Hands-On Tutorial: ollama and Docker Integration

Photo by Dong Cheng on Unsplash

Hands-On Tutorial: ollama and Docker Integration

·

2 min read

Introduction

As you know, Ollama is a very easy-to-use tool for local LLM. It lets people run and experience the latest models with little effort, using simple commands such as:

  • ollama run llama3

  • ollama ps / ollama list

  • ollama serve

What's more groundbreaking is that it's now available on Docker. Here is the news.

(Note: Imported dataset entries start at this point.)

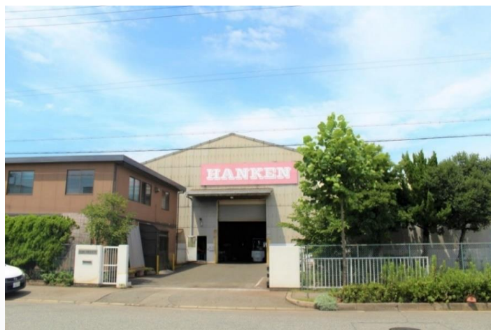
Head office and Factory (Akashi, Japan)
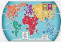
1 Map board
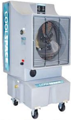
(shown with optional 16-inch wheel base accessory)
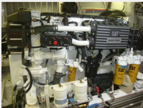
67' Lyman-Morse port main engine
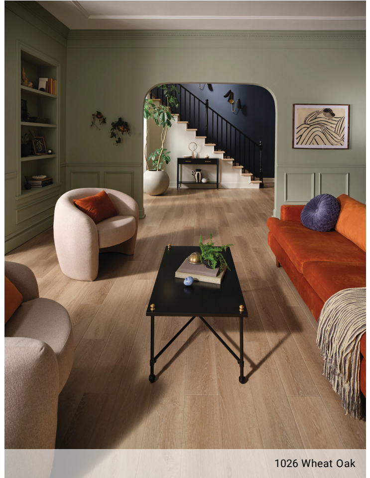
1026 Wheat Oak
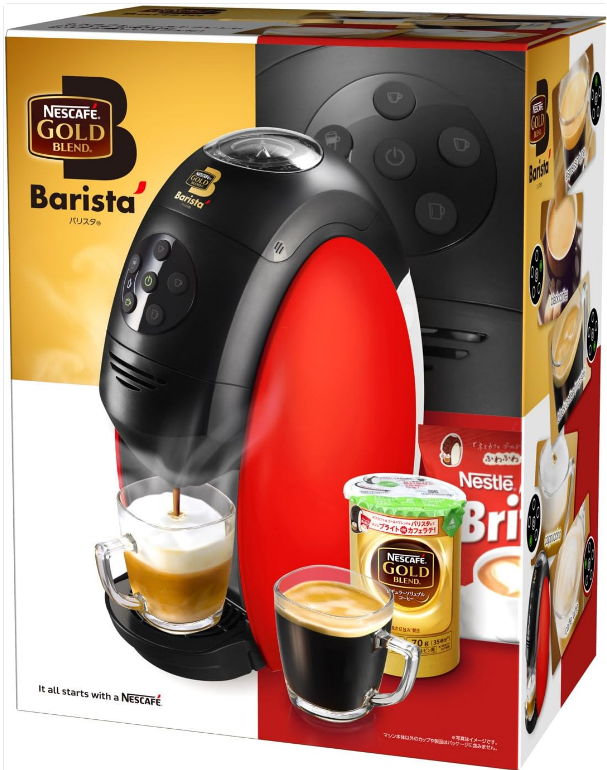
Image: The coffee machine in a setting with prepared beverages, emphasizing the importance of regular cleaning for hygiene and taste.

And now you can use Docker to combine the popular open-webui and Ollama to build an easy-to-use, modern, data-controlled chatbot just for you.

Prerequisite

  • Install Ollama

  • Ensure good network conditions; the model file is usually large, so 100Mbps bandwidth is necessary

  • [Optional] Install Docker

DIY

Installing Ollama and running it through the command line on macOS is very easy.

# Install via Homebrew on macOS or use the setup package for Windows
brew install ollama

ollama run llama3

Running Ollama on Docker with Open-WebUI

# Run ollama
docker run -d --gpus=all -v 'D:\repos\ollama:/root/.ollama/models' -p 11434:11434 --name ollama ollama/ollama

# Run open-webui
docker run -d -p 3000:8080 --add-host=host.docker.internal:host-gateway -v D:\repos\open-webui:/app/backend/data --name open-webui ghcr.io/open-webui/open-webui:main

On the Windows platform, you can choose the model storage path by specifying the path in the system environment variables, called OLLAMA_MODELS.

End

Please note, it seems less efficient when running on Docker. While it does enable and accelerate with GPU(nVidia 4070Ti 12GB), switching and initializing the model is very slow (running the model on a host machine is super fast on my machine with a 7b llama3 model).

And, GPU acceleration running on Docker is not available on Apple Silicon.